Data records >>

========================================================================

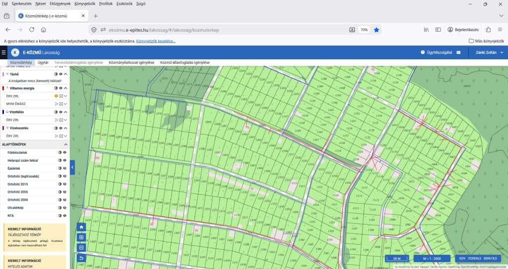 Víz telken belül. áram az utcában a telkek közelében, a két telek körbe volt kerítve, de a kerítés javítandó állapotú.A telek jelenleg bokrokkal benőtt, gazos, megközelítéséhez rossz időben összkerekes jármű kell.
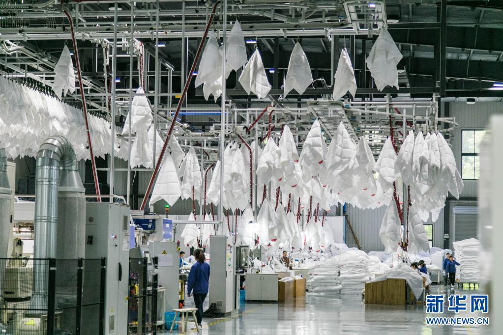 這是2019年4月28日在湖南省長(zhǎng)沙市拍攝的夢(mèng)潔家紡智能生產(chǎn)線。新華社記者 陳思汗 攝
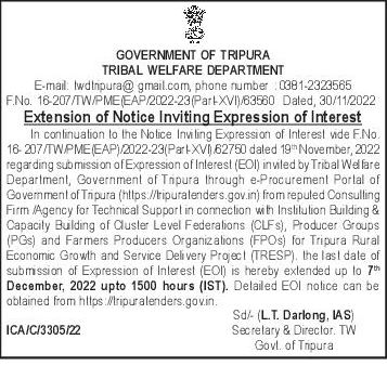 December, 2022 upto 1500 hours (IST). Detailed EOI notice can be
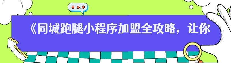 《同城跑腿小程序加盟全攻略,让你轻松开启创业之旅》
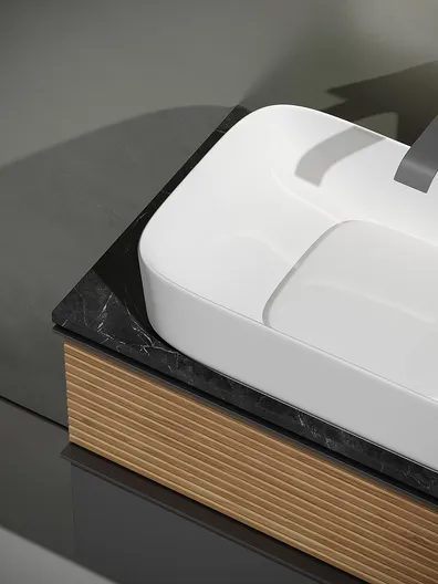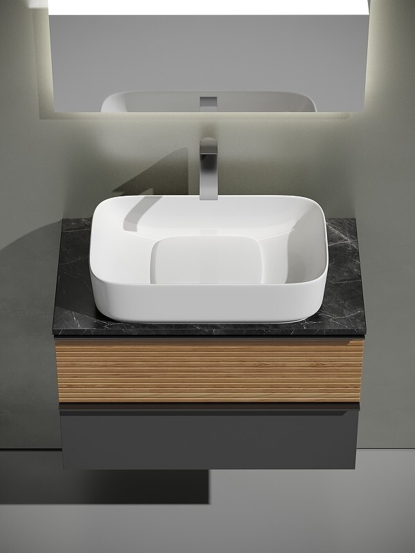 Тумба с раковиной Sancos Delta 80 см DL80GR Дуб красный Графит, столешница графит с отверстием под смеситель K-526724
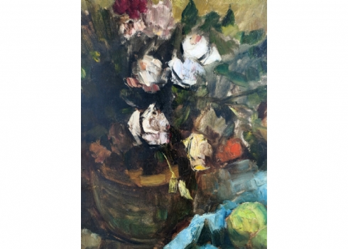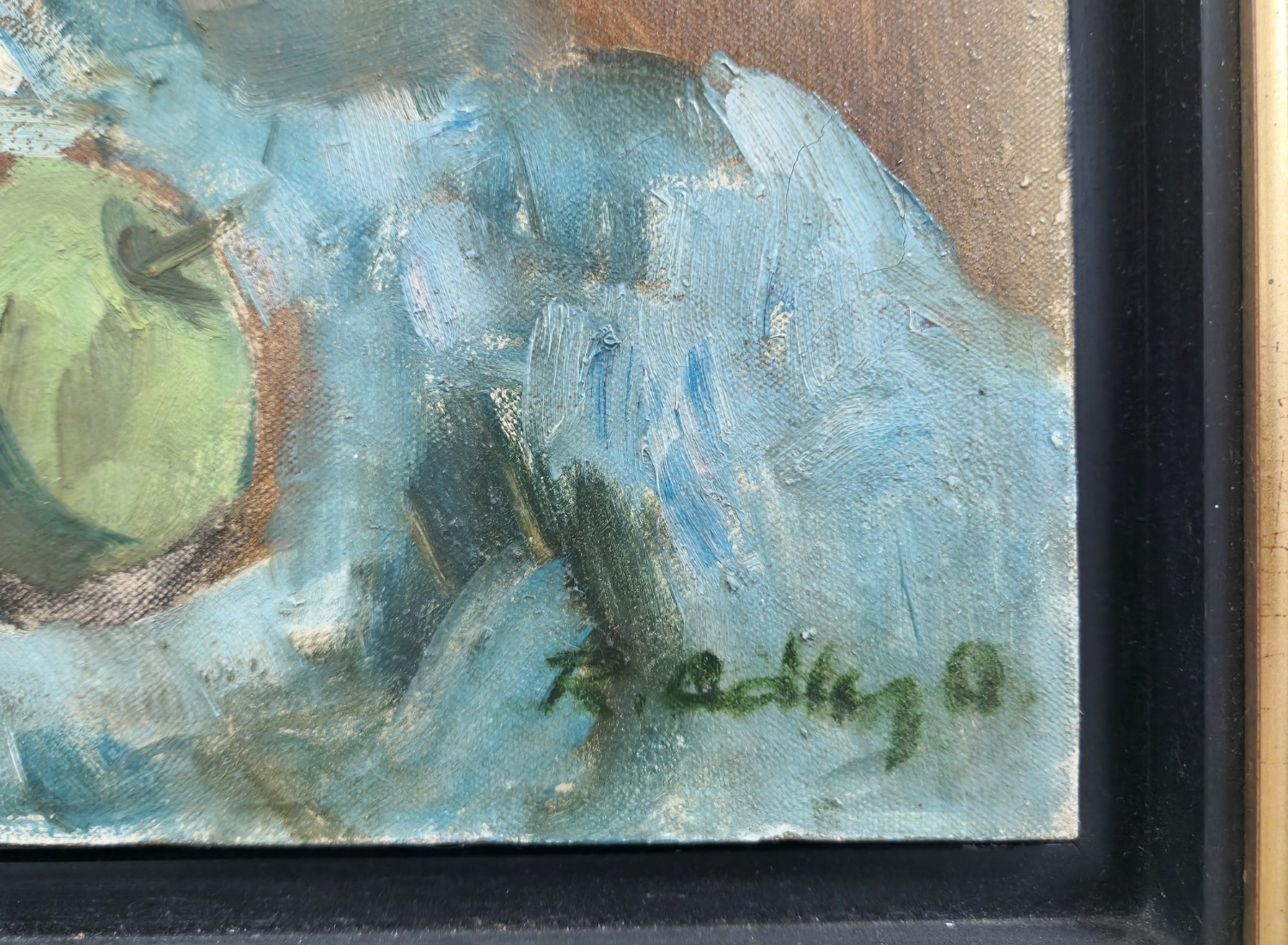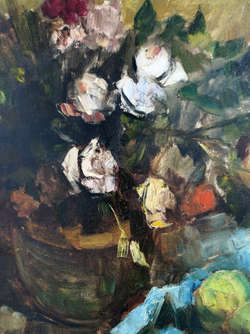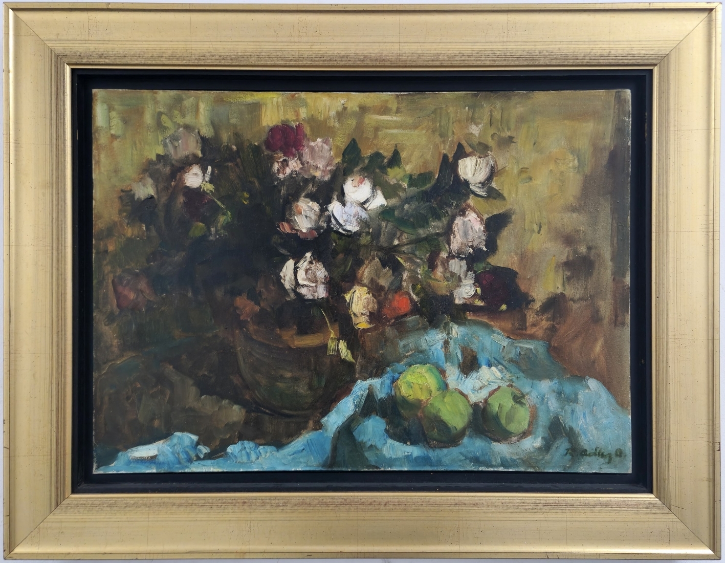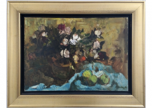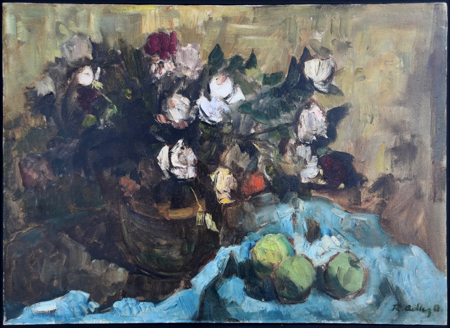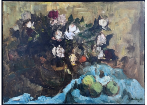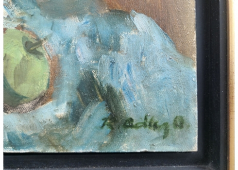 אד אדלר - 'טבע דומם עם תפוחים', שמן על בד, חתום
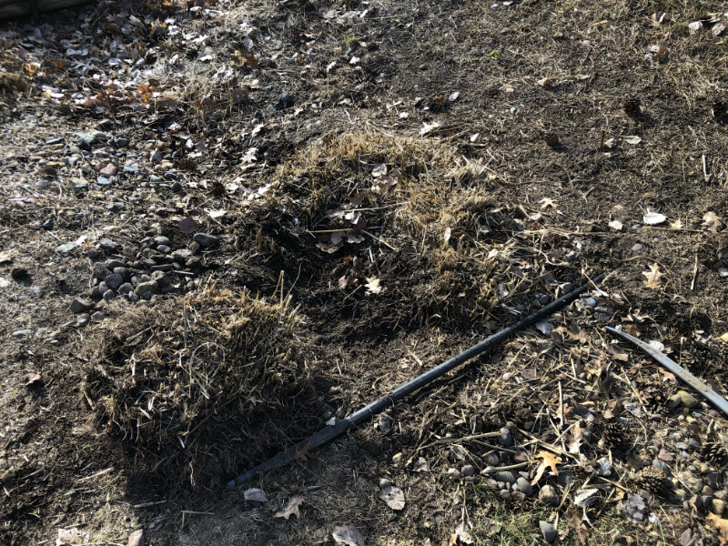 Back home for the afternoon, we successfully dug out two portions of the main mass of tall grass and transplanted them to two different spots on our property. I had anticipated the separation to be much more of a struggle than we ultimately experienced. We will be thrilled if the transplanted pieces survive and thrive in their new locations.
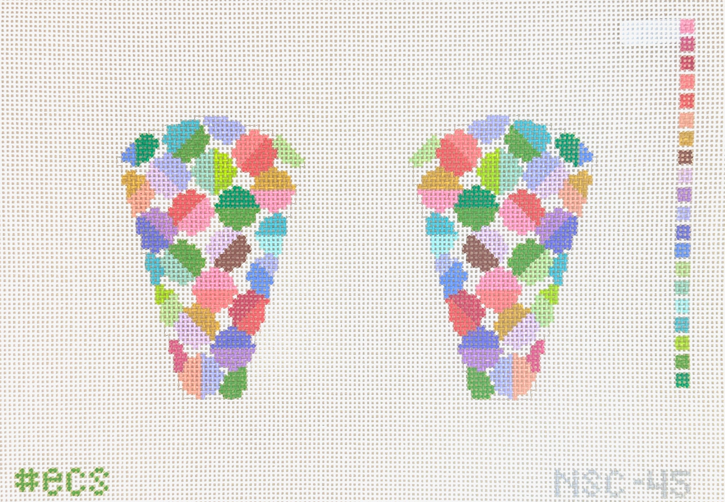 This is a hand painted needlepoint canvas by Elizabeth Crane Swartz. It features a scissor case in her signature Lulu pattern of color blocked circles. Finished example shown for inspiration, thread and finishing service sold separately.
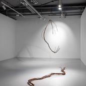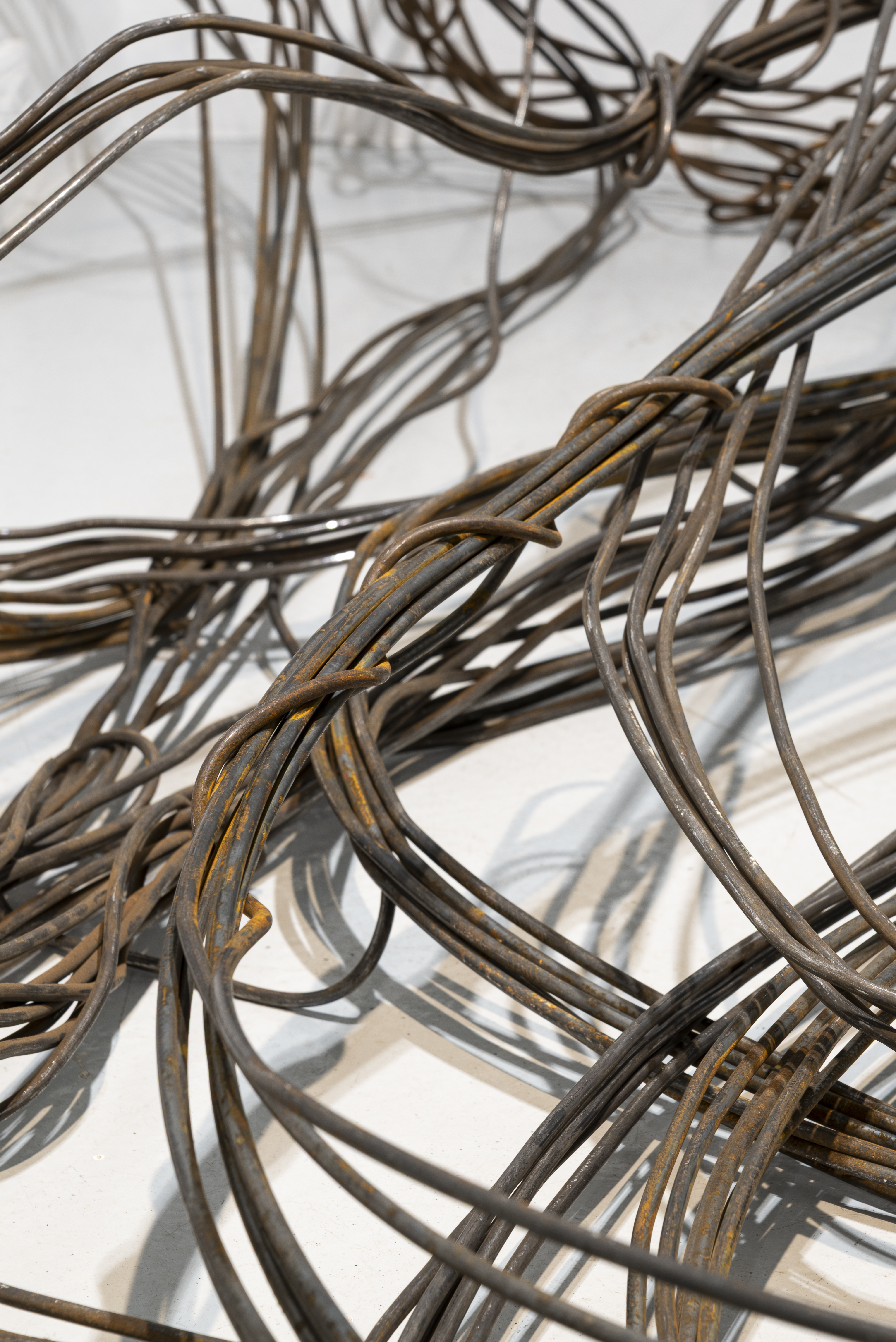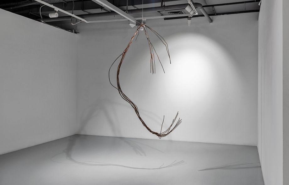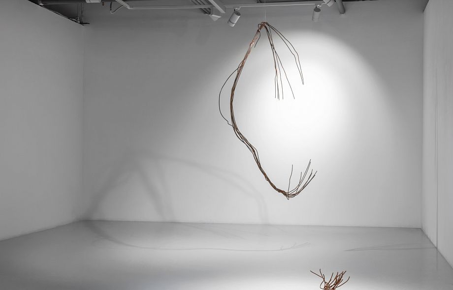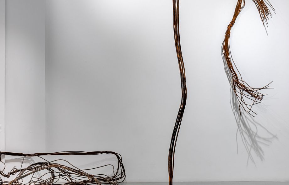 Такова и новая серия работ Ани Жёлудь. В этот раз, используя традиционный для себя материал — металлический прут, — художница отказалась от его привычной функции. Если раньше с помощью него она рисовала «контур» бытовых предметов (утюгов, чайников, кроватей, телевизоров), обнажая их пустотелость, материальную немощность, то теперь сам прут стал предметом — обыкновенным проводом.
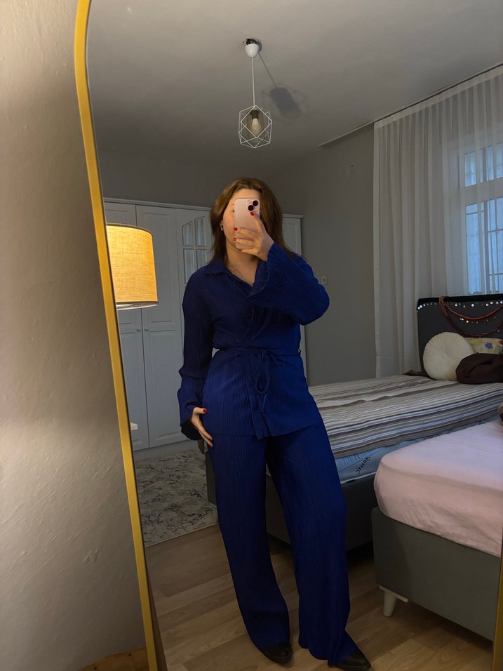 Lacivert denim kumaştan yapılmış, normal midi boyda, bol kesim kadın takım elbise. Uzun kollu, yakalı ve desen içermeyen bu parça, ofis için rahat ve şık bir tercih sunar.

========================================================================

What this task involves >>
Could every entry above be printed again exactly, images excluded?

Response >>
 Víz telken belül. áram az utcában a telkek közelében, a két telek körbe volt kerítve, de a kerítés javítandó állapotú.A telek jelenleg bokrokkal benőtt, gazos, megközelítéséhez rossz időben összkerekes jármű kell.
 這是2019年4月28日在湖南省長(zhǎng)沙市拍攝的夢(mèng)潔家紡智能生產(chǎn)線。新華社記者 陳思汗 攝
 December, 2022 upto 1500 hours (IST). Detailed EOI notice can be
 《同城跑腿小程序加盟全攻略,让你轻松开启创业之旅》
 Тумба с раковиной Sancos Delta 80 см DL80GR Дуб красный Графит, столешница графит с отверстием под смеситель K-526724
 אד אדלר - 'טבע דומם עם תפוחים', שמן על בד, חתום
 Back home for the afternoon, we successfully dug out two portions of the main mass of tall grass and transplanted them to two different spots on our property. I had anticipated the separation to be much more of a struggle than we ultimately experienced. We will be thrilled if the transplanted pieces survive and thrive in their new locations.
 This is a hand painted needlepoint canvas by Elizabeth Crane Swartz. It features a scissor case in her signature Lulu pattern of color blocked circles. Finished example shown for inspiration, thread and finishing service sold separately.
 Такова и новая серия работ Ани Жёлудь. В этот раз, используя традиционный для себя материал — металлический прут, — художница отказалась от его привычной функции. Если раньше с помощью него она рисовала «контур» бытовых предметов (утюгов, чайников, кроватей, телевизоров), обнажая их пустотелость, материальную немощность, то теперь сам прут стал предметом — обыкновенным проводом.
 Lacivert denim kumaştan yapılmış, normal midi boyda, bol kesim kadın takım elbise. Uzun kollu, yakalı ve desen içermeyen bu parça, ofis için rahat ve şık bir tercih sunar.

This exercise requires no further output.